Весьма сносно, был ответ; мисс Маннинг к ней добра.

— Не сомневаюсь, — сказала я.

Повисло молчание. Чувствуя на себе взгляды заключенной и надзирательниц, я вдруг вспомнила, как мать бранила меня, двадцатидвухлетнюю, за неразговорчивость, когда ездим с визитами. Следует справиться о здоровье детей, поговорить о развлечениях хозяйки, о ее живописи или шитье. Отметить покрой ее платья...

Взглянув на грязно-бурый балахон Сьюзен Пиллинг, я спросила, как ей здешнее одеяние. Оно саржевое или полушерстяное? Тут вперед выступила мисс Ридли и приподняла юбку узницы. Платье полушерстяное, сказала она. Чулки — синие с малиновой каймой, очень грубые — шерстяные. Одна нижняя юбка фланелевая, другая саржевая. Тяжелые башмаки, сказали мне, в тюремной мастерской стачали заключенные-мужчины.

Пока надзирательница перечисляла предметы одежды, узница стояла неподвижно, как манекен, и я сочла себя обязанной нагнуться и пощупать складку ее платья. Оно пахло... ну, как и должно пахнуть полушерстяное платье, которое в подобном месте целый день носит вспотевшая женщина, а потому следующий вопрос был о том, как часто здесь меняют одежду. Платье — раз в месяц, ответили надзирательницы. Нижние юбки, сорочки и чулки — раз в две недели.

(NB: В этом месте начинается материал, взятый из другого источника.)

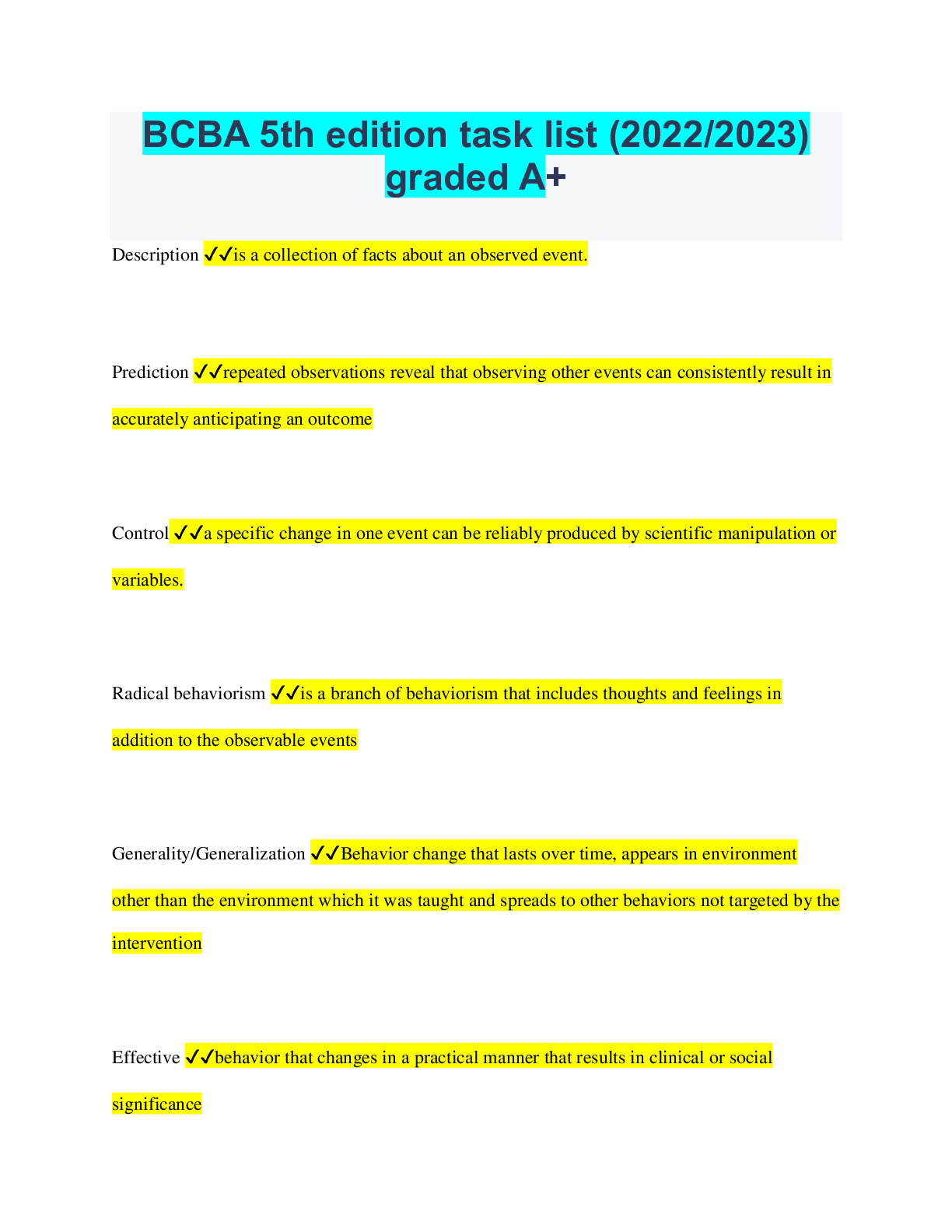 Social Sciences > QUESTIONS & ANSWERS > BCBA 5th edition task list (2022/2023) graded A+ (All)

— А как часто вам дозволено мыться? — Я адресовала вопрос заключенной.

— По желанию, мэм, но не чаще двух раз в месяц.

Я взглянула на ее исцарапанные руки, которые она держала перед собой; интересно, часто ли она мылась, до того как попала в Миллбанк?

Еще я подумала: о чем же нам говорить, если бы нас оставили в камере вдвоем? Но вслух сказала:

— Что ж, возможно, я опять вас навещу, и тогда вы расскажете, как проводите здесь свои дни. Вам бы хотелось?

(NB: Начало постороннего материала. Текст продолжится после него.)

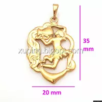 Кулон выполнен из медицинского сплава на основе латуни с добавлением легирующих элементов, с целью улучшения каких-либо его свойств, например коррозионной стойкости или прочности. Такой сплав не вызывает аллергии, не вступает в реакцию с потом человека, не меняет свои свойства под воздействием соленой воды и солнца. Поверхность изделия покрыта золотом 18 карата.
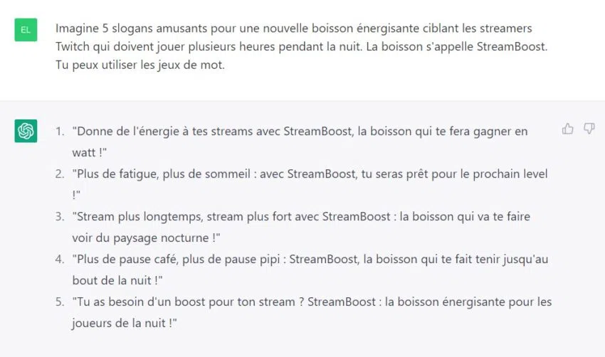 La inteligencia artificial también puede proporcionarle eslóganes en cualquier producto y en cualquier tono. Esto, por ejemplo, es lo que ChatGPT nos ofreció con respecto a una bebida energética imaginaria dirigida a los streamers llamada StreamBoost.
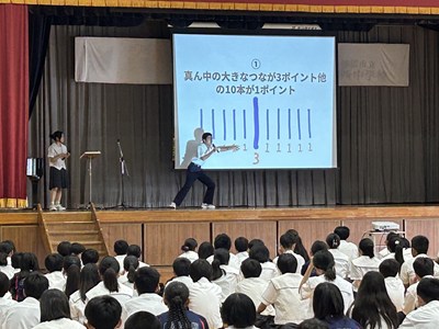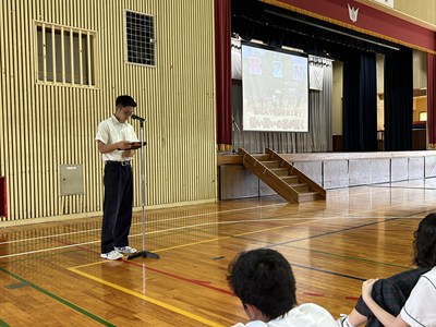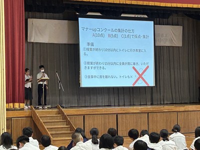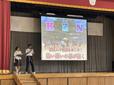 今朝は生徒会朝会がありました。保健委員会からは、浦西中生徒の虫歯率が沖縄県の2倍であること、虫歯の予防と治療の呼びかけ、各団で治療完了率を競うことが報告されました。給食委員会からはマナーUPコンクールについての説明が行われました。生徒会三役からは「KZNプロジェクト」の動画紹介の後、11色綱引きについての解説がありました。生徒会活動が活性化するとともに、相手意識で伝える生徒の皆さんのプレゼン力も上がってきましたね!
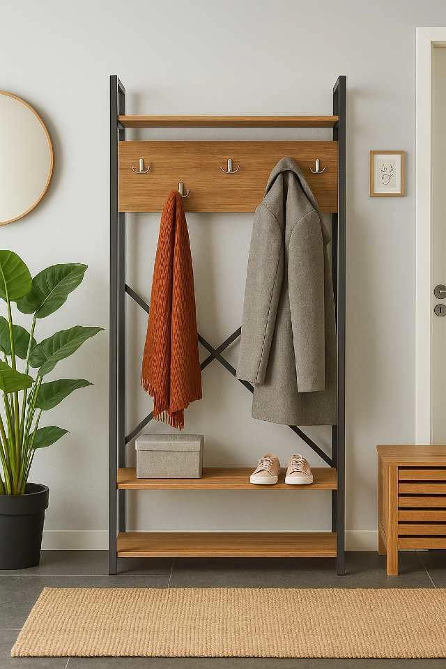 Тип: прихожая / Материал корпуса: металл / ДСП / Высота, мм: 1800 / Цвет: натуральный / чёрный

Очень, тотчас ответила узница и спросила, не собираюсь ли я пересказывать истории из Писания.

Мисс Ридли пояснила, что другая Гостья приходит по средам, читает заключенным Библию, а потом задает вопросы по тексту. Я ответила Пиллинг, что читать не стану, но буду только выслушивать, надеясь узнать их истории. Узница взглянула на меня, однако ничего не сказала. Мисс Маннинг отправила ее обратно в камеру и заперла решетку.

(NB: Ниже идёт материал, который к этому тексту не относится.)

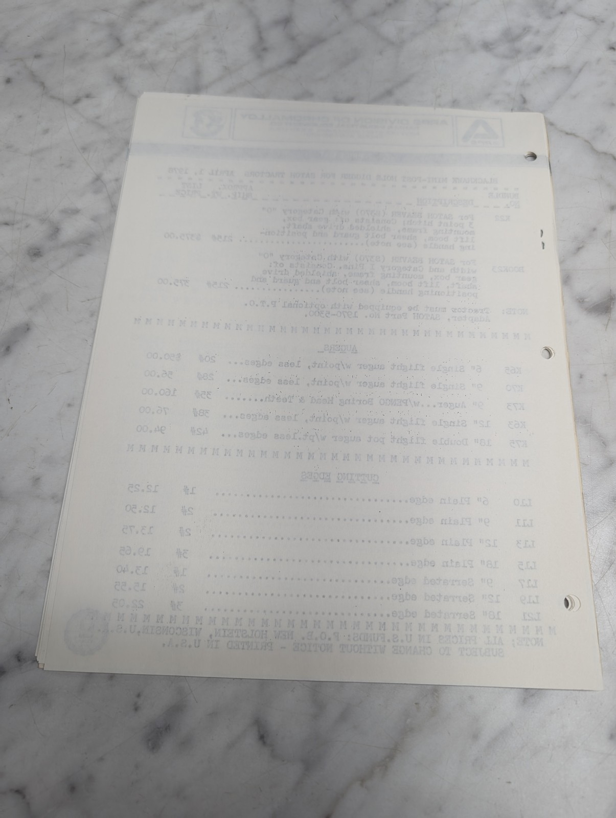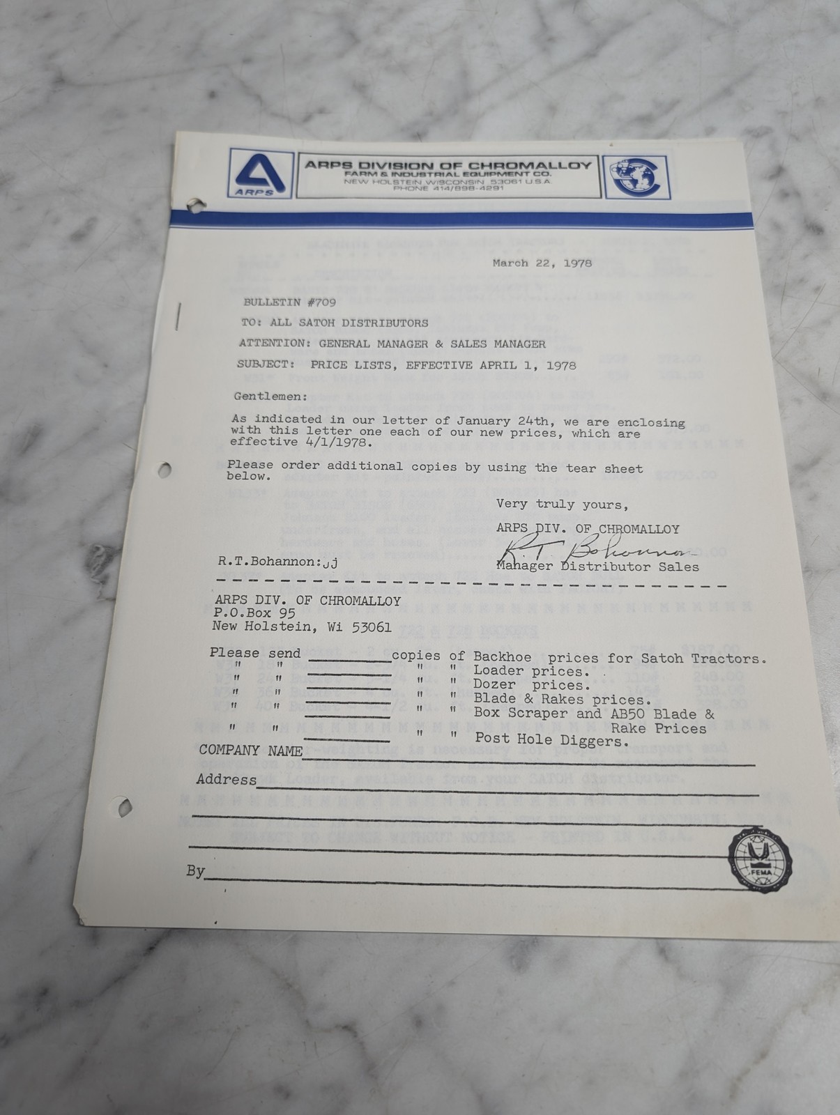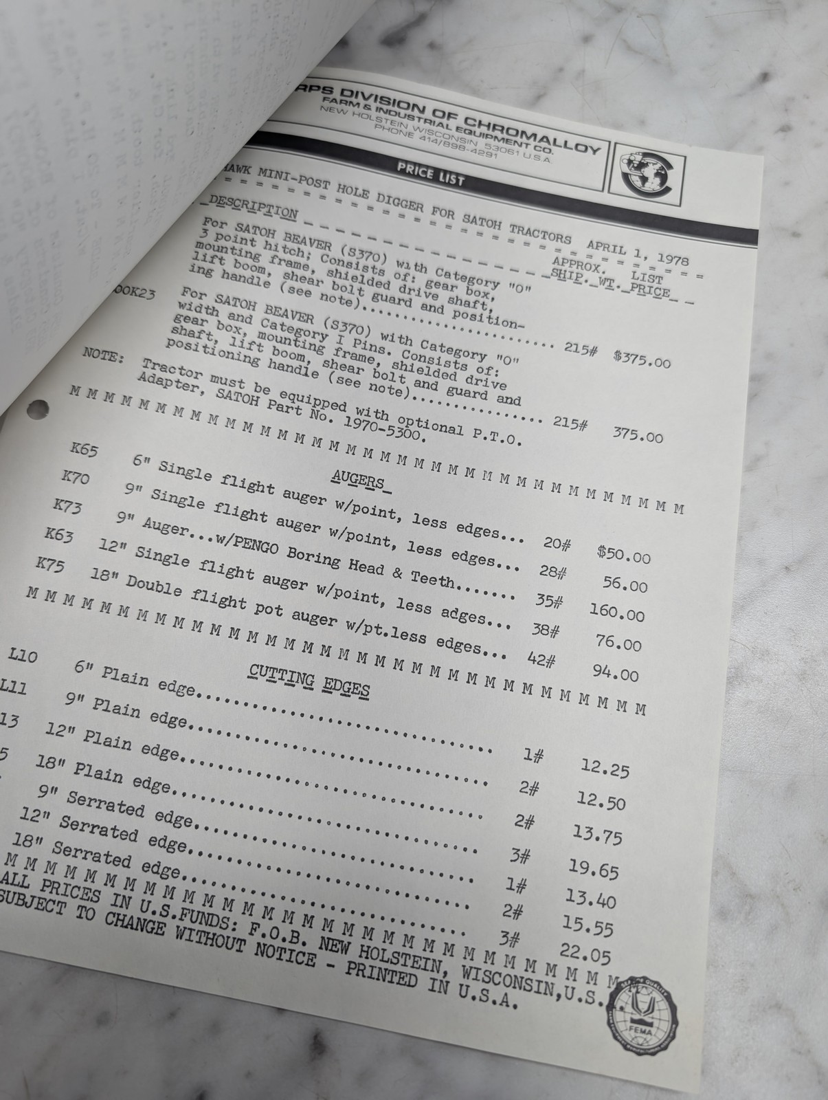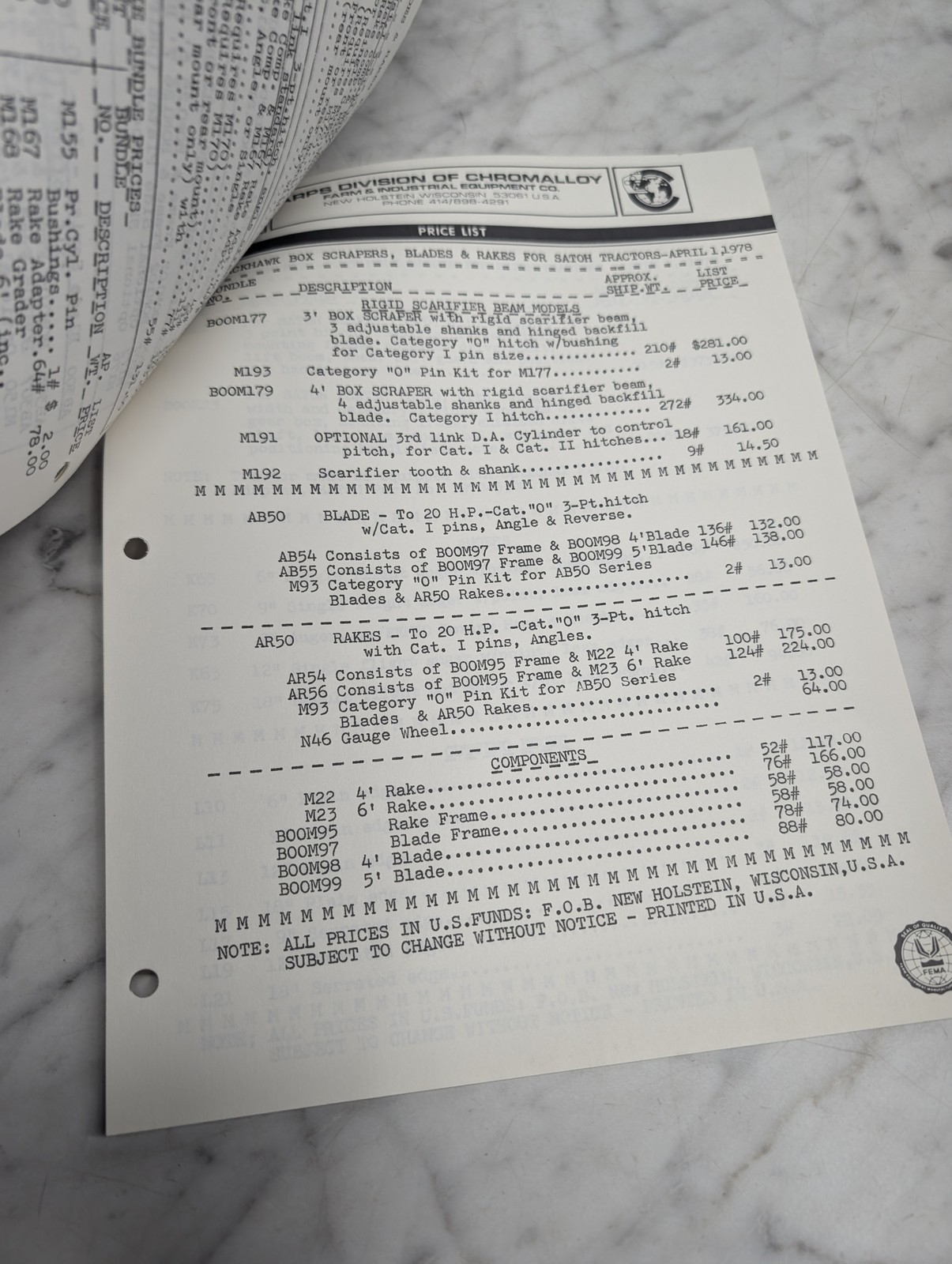 White Arps Blackhawk Backhoes Satoh Tractors Price List April 1 1978 Book

Покинув эту зону, еще одной винтовой лестницей мы поднялись на следующий этаж к отрядам «С» и «D». Здесь содержат штрафников: неисправимых нарушителей режима, тех, кто провинился в Миллбанке или за проступки был выслан из других исправительных учреждений. В этой зоне запирают обе двери, отчего в коридорах темнее и смрад гуще. Надзирательницей здесь дородная бровастая женщина по имени — надо же! — миссис Притти.[3]Точно хранитель Музея восковых фигур, она шествовала впереди нас, останавливаясь перед дверьми камер наиболее страшных и занимательных личностей, чтобы поведать об их преступлениях.

— Джейн Хой — детоубийца, мэм. Злюка из злюк...

— Феба Джекобс — воровка. Поджигала свою камеру...

— Дебора Гриффитс — карманница. Помещена сюда за плевок в капеллана.

— Джейн Сэмсон — самоубийца...

— Самоубийца? — переспросила я.

— Травилась опием, — прищурилась миссис Притти. — Семь попыток, в последний раз спасена полицейским. Осуждена за нарушение общественного благоденствия.

Я молча смотрела на закрытую дверь.

— Гадаете, откуда мы знаем, что сейчас она не пытается наложить на себя руки? — доверительно склонившись, спросила надзирательница. Вообще-то, я об этом не думала. — Вот, гляньте.

На каждой двери имеется железная заслонка, которую в любой момент можно откинуть, чтобы проконтролировать обитателя камеры; служители называют ее «смотрок», а заключенные — пупок. Я вознамерилась заглянуть в дырочку, но миссис Притти меня остановила, сказав, что близко соваться нельзя. Эти бабы такие коварные — бывали случаи, когда надзирательниц ослепляли.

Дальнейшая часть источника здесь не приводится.